Problem details: From the line holding "東京・北区の路上で20代の女" through the line holding "得益于发达的大脑、立体视觉和矫健的肢体,怒江金丝猴 Rhinopithecus strykeri" below, write out every line exactly; include both of those lines and drop the pictures.

Available data:

»»

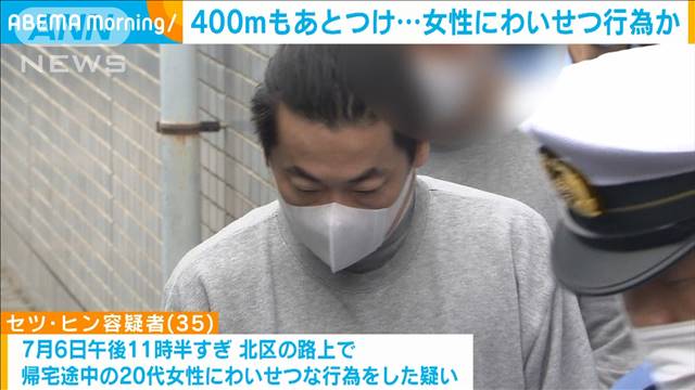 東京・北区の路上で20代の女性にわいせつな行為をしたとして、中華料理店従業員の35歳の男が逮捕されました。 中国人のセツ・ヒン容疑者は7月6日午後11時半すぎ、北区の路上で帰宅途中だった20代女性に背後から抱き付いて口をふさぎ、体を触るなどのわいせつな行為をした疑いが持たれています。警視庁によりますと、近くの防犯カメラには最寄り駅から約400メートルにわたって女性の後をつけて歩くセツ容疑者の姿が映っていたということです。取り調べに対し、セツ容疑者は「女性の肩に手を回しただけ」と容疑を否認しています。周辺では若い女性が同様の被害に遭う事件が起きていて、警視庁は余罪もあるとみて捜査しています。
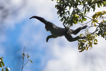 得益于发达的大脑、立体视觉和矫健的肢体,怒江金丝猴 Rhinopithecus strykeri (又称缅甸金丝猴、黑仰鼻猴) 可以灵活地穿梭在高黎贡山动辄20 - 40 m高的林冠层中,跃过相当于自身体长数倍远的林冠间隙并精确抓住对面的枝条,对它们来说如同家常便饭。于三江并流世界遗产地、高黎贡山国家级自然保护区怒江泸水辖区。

««
»»

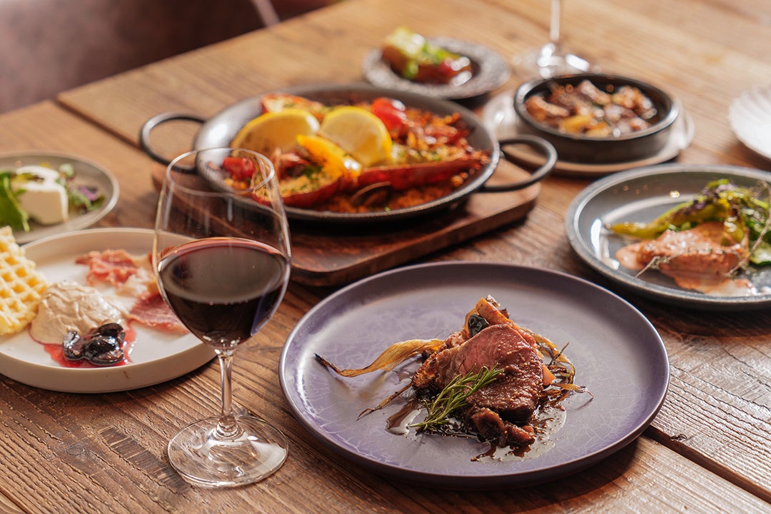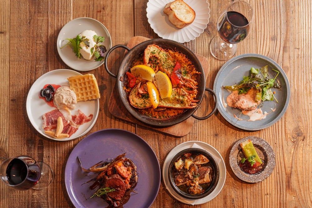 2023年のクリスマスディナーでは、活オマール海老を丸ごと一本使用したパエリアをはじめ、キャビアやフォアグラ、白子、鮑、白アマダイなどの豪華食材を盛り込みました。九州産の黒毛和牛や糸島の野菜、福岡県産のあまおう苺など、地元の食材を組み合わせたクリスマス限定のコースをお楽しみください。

««

Task output:
 東京・北区の路上で20代の女性にわいせつな行為をしたとして、中華料理店従業員の35歳の男が逮捕されました。 中国人のセツ・ヒン容疑者は7月6日午後11時半すぎ、北区の路上で帰宅途中だった20代女性に背後から抱き付いて口をふさぎ、体を触るなどのわいせつな行為をした疑いが持たれています。警視庁によりますと、近くの防犯カメラには最寄り駅から約400メートルにわたって女性の後をつけて歩くセツ容疑者の姿が映っていたということです。取り調べに対し、セツ容疑者は「女性の肩に手を回しただけ」と容疑を否認しています。周辺では若い女性が同様の被害に遭う事件が起きていて、警視庁は余罪もあるとみて捜査しています。
 得益于发达的大脑、立体视觉和矫健的肢体,怒江金丝猴 Rhinopithecus strykeri (又称缅甸金丝猴、黑仰鼻猴) 可以灵活地穿梭在高黎贡山动辄20 - 40 m高的林冠层中,跃过相当于自身体长数倍远的林冠间隙并精确抓住对面的枝条,对它们来说如同家常便饭。于三江并流世界遗产地、高黎贡山国家级自然保护区怒江泸水辖区。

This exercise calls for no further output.